The evolutionary and developmental mechanisms underlying this peculiar, cross-taxonomic diversity of animal color patterns have remained largely unexplored until recently. In the past few years, however, progress has been made by identifying genes that are involved in similar skin patterns across multiple animal species (1416). Some simple motifs, such as longitudinal stripes and wing spots, have been shown to be formed by using genetically encoded prepatterns originating from spatial landmarks or structural components of other body parts (12, 17). Accordingly, with respect to these simple pattern motifs, intuitive explanations for their repeated occurrence across clades have been provided: Within each lineage, the painting of prepatterned regions is just switched on and off by particular genes (12, 15). By contrast, more complex colorations such as camouflaged labyrinthine patterns have apparently no obvious relationship with any structures or body parts and cannot be formed simply from prepatterned positional information. Hence, it still remains a mystery how these intricate patterns have evolved and why unexpectedly similar, elaborate pattern motifs repeatedly and ubiquitously emerged across distantly related animal taxa.

A theoretical approach (18) has suggested an intriguing possibility to unravel this mystery. Using a specific class of the reaction-diffusion (RD) system (19) first proposed by Alan Turing (20), it has been predicted that complex and camouflaged markings can be formed by the morphological “blending” of simple patterns by hybridization (18). For example, crossing between virtual organisms with inverted spot patterns―one with light spots on a dark background and the other with dark spots on a light background―will necessarily result in intricate labyrinthine patterns as morphologically “blended” intermediate phenotypes (Fig. 1B and fig. S1).

If this prediction is widely applicable to real animals, one can expect that organisms having complex and camouflaged motifs can abruptly emerge from events of hybridization between species that have simple patterns. This “pattern blending” hypothesis would account for the enigmatic repeated occurrence of similar, intricate pattern motifs across distantly related taxa, while simultaneously offering a plausible explanation for the discrete, qualitative pattern differences between closely related species. Although the model prediction has been partially confirmed by empirical evidence such as artificial hybridization of salmonid species (18), natural instances supporting the pattern blending hypothesis so far are very limited, and it is unclear whether, or to what extent, pattern blending contributes to the actual diversity of animal color patterns.

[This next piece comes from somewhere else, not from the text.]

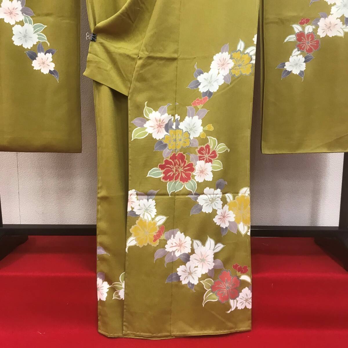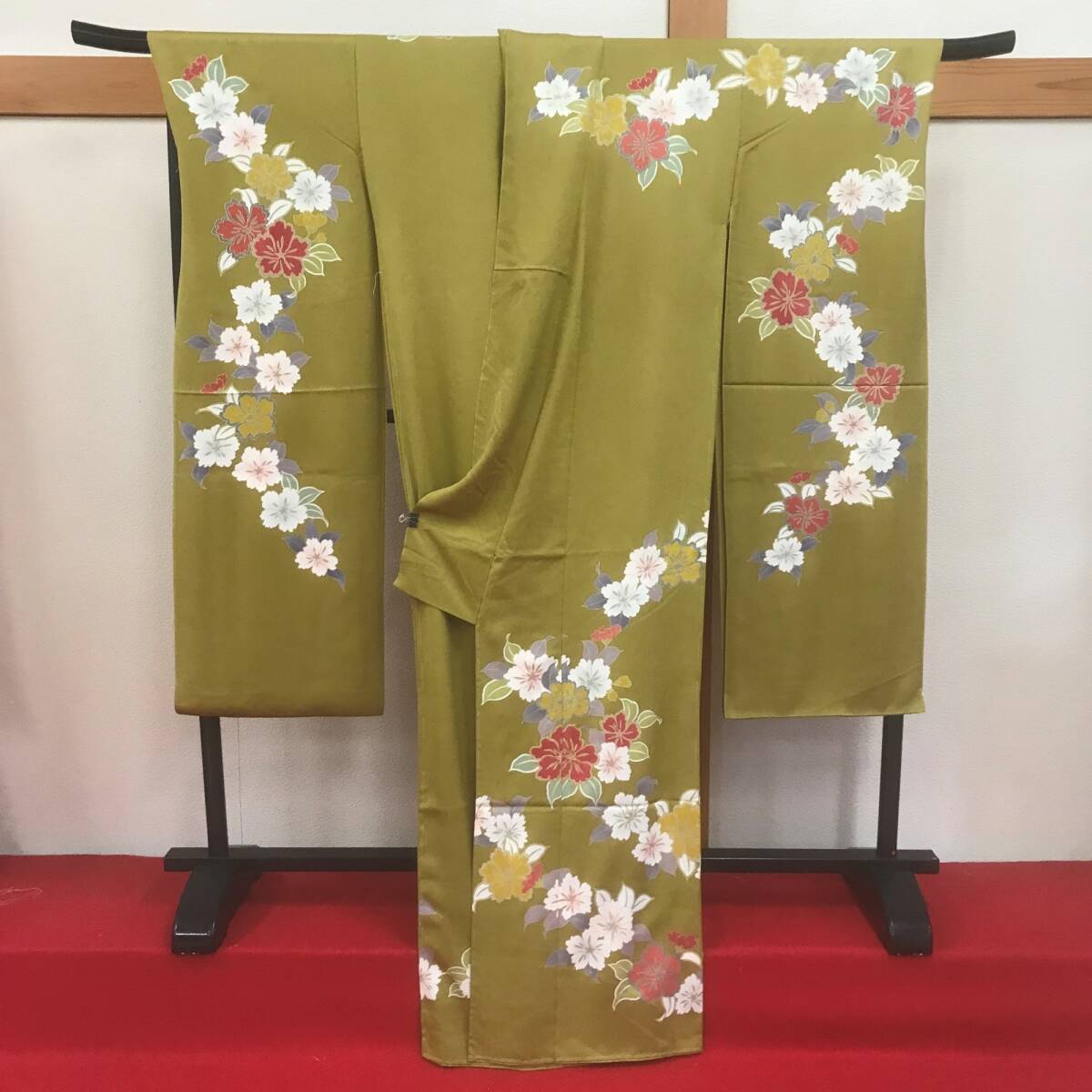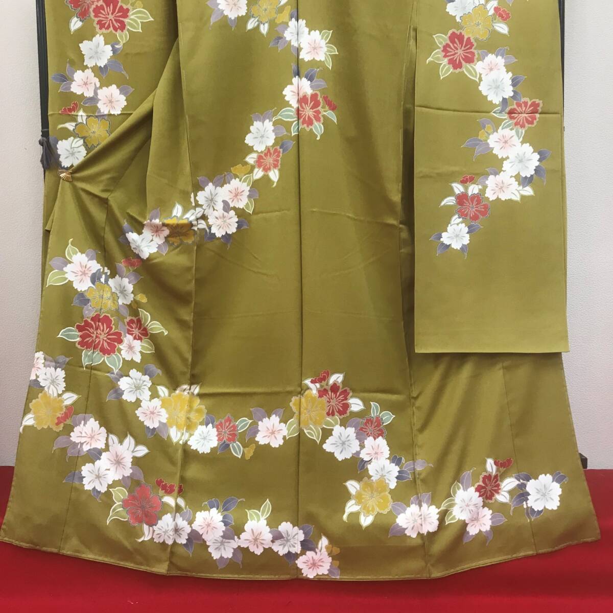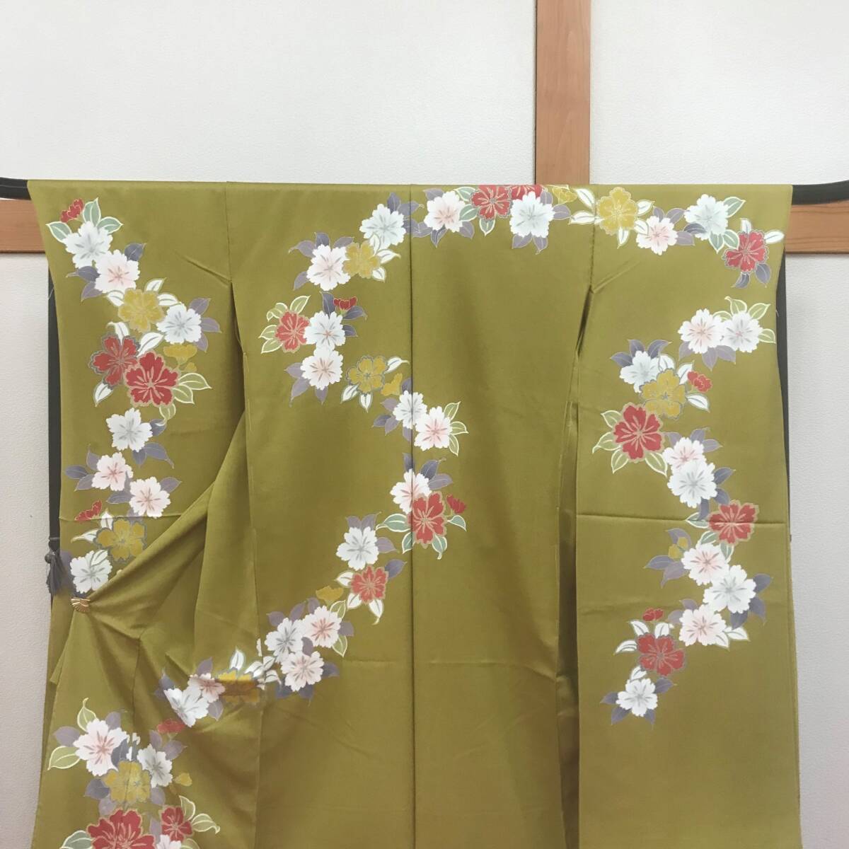 振袖 6-16 連花柄 金茶系 ちりめん 未仕立て

In this study, I test the pattern blending hypothesis by exploring the natural diversity of color patterns in fish lineages. First, I analyze the skin patterns of more than 18,000 species of marine and freshwater fishes and examine phylogenetic collocations of pattern motifs to infer the mechanistic associations among them. I show that apparent phenotypic similarity does not necessarily correspond to the mechanistic association between pattern motifs. On the contrary, strong positive associations between phenotypically dissimilar pattern motifs are present, which are consistent with the pattern blending hypothesis. Next, I provide demonstrative examples of pattern blending by using color pattern quantification and comparative genomic analyses targeting representative fish species. Last, by applying phylogenetic comparative methods, I show that pattern blending has contributed to the diversity of color patterns in multiple major fish lineages.

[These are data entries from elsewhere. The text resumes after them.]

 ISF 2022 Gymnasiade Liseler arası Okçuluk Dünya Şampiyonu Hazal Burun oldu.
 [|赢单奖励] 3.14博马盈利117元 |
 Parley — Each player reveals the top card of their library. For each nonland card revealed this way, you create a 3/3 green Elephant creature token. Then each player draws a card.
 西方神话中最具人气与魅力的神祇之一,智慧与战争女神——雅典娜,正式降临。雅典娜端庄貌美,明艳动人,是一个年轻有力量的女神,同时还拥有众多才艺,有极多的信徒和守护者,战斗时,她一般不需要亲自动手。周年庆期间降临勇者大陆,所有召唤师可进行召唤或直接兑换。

Diversity of color patterns in marine and freshwater fish

To examine the diversity of color patterns in fish lineages, I performed pattern annotation on images of 18,114 fish species referenced from public databases (FishBase: and FishPix: I used 11 well-recognized classes of pattern motifs for annotation (7, 8): 4 types of stripe patterns (St-H, horizontal stripes; St-D, diagonal stripes/bands; St-V, vertical stripes/bars; Maze, labyrinthine stripes), 3 types of spot patterns (Sp-D, small dark spots on a light background; Sp-L, small light spots on a dark background; Eyes, eyespots/spots larger than eyes), and 4 other patterns (Area, area fill pattern; Sddl, saddle-like pattern; Bltc, blotch/speckle pattern; Mono, monotone/patternless). Each image was binary labeled for each class of pattern motifs using a web-based in-house annotation system, and the presence/absence of each pattern motif for each species and taxonomic group was recorded (Fig. 2A, fig. S2, and data file S1). The compiled data revealed that all of the 11 color pattern motifs were widespread across the lineages, illustrating the ubiquitous long-range similarity over local divergence, although the range and abundance varied among the pattern motifs (Fig. 2A).

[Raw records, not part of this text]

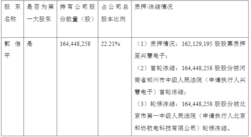 值得注意的是,郭信平持有的股份中,已有约1.62亿股已经质押给兴慧电子,质押原因正是双方的债务纠纷。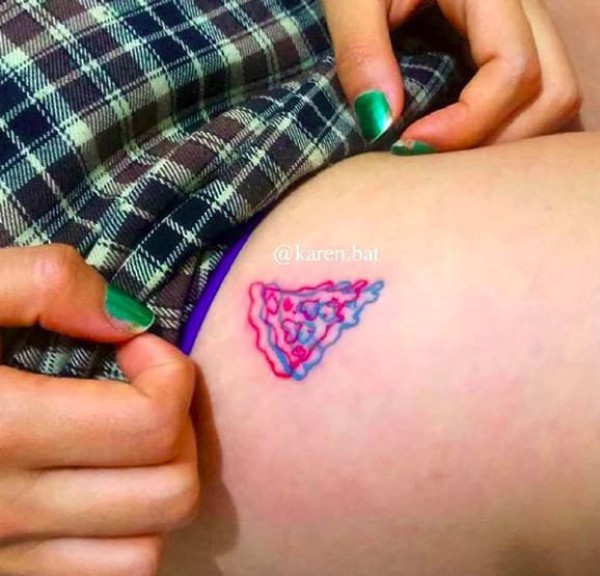 红色和蓝色的简约线条纹身立体图简易纹身素描图案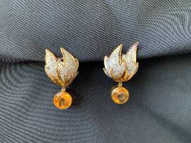 - Gemstones: Each earring features two bezel-set dangle round gemstones - one clear round cubic zirconia and one round citrine. Swap out the gemstones to change suit your look.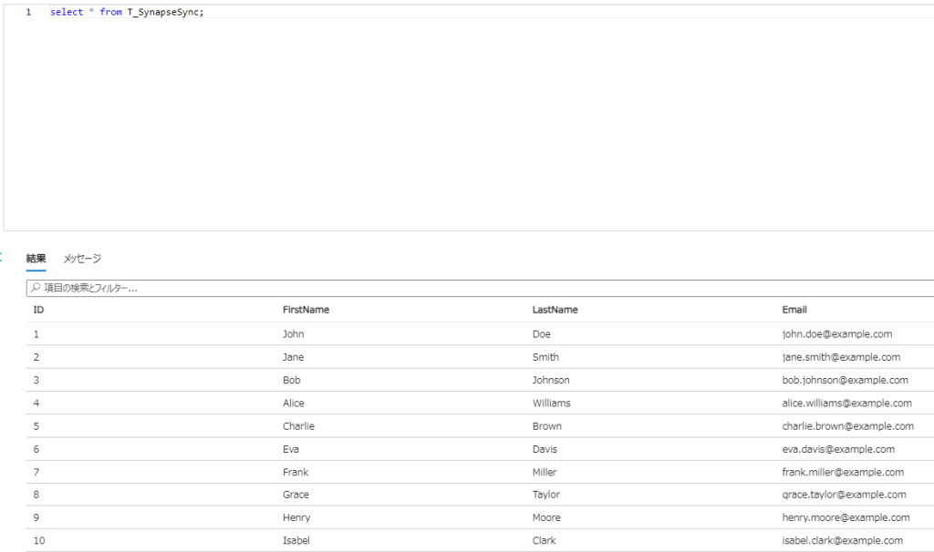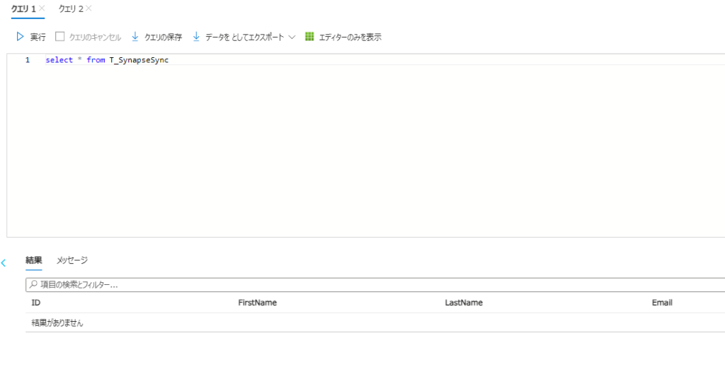 実行結果が上記の通りになります。ターゲットテーブルであるT_SynapseSyncにはデータが存在しませんでしたが、コピーアクティビティを実行したことでソーステーブルからデータがコピーされたことを確認できました。

Fig. 2 Fish color pattern diversity and mechanistic associations among pattern motifs.

(A) Pattern diversity in marine and freshwater fish families. The occurrence of the pattern motifs in each fish family is indicated by colored bars at the tip of the tree. Each pattern motif is widespread across fish lineages, showing the ubiquitous long-range similarity over local divergence. The 11 classes of pattern motifs are illustrated along with their abbreviations, color codes, and numbers of occurrence (inset). A total of 559 families, 4069 genera, and 18,114 species were examined. Fish phylogeny was based on Betancur-R et al. (61). (B) Heatmap showing the strength of the genus-level co-occurrence between each pairwise combination of the 11 pattern motifs. (C) Mechanistic associations among pattern motifs evaluated using z score. (D) Triple co-occurrence analysis showing the strength of the phylogenetic collocation of each pattern motif with a set of two spot motifs (Sp-D and Sp-L).

Using this dataset, I examined the mechanistic associations among color pattern motifs by evaluating their phylogenetic co-occurrences. It is reasonable to assume that mechanistically related motifs, wherein pattern transition can readily occur, are likely to co-occur within each small taxonomic group, such as genus. Then, the mechanistic association between pattern motifs can be inferred based on this “phylogenetic collocation” (i.e., within-genus co-occurrence of pattern motifs). This association should not necessarily or simply be a measure of superficial, phenotypic similarity between pattern motifs; rather, it should reflect the underlying mechanistic connections related to evolutionary, developmental, or ecological constraints and/or structures. I used three different association measures to evaluate the within-genus co-occurrence between each pairwise combination of the 11 classes of color pattern motifs (Fig. 2, B and C). The Jaccard index (JI) has been classically used for evaluating similarities between two sets of binary data in many fields, including community ecology (21). The log-likelihood (LL) and z score (Z) have been frequently used for quantifying collocational strength in the field of corpus linguistics (22). According to these indices, strong associations were present among spot-like motifs (Sp-D, Sp-L, and Bltc; JI = 0.31 to 0.40, LL = 144 to 203, Z = 6.9 to 9.7), which are concordant with their phenotypic similarity. In contrast, despite the obvious morphological similarity among stripe motifs (St-H, St-D, St-V, and Maze), their associations were relatively weak, if any (JI = 0.13 to 0.24, LL = 9.8 to 88, Z = 2.4 to 7.7). This implies that developmental and/or ecological constraints may exist within each class of stripe motifs, so that the transition to another stripe class is restricted. For example, the development of horizontal stripes in fish may depend heavily on prepatterns related to structural body parts (9), as is the case in mammals and birds (14, 17).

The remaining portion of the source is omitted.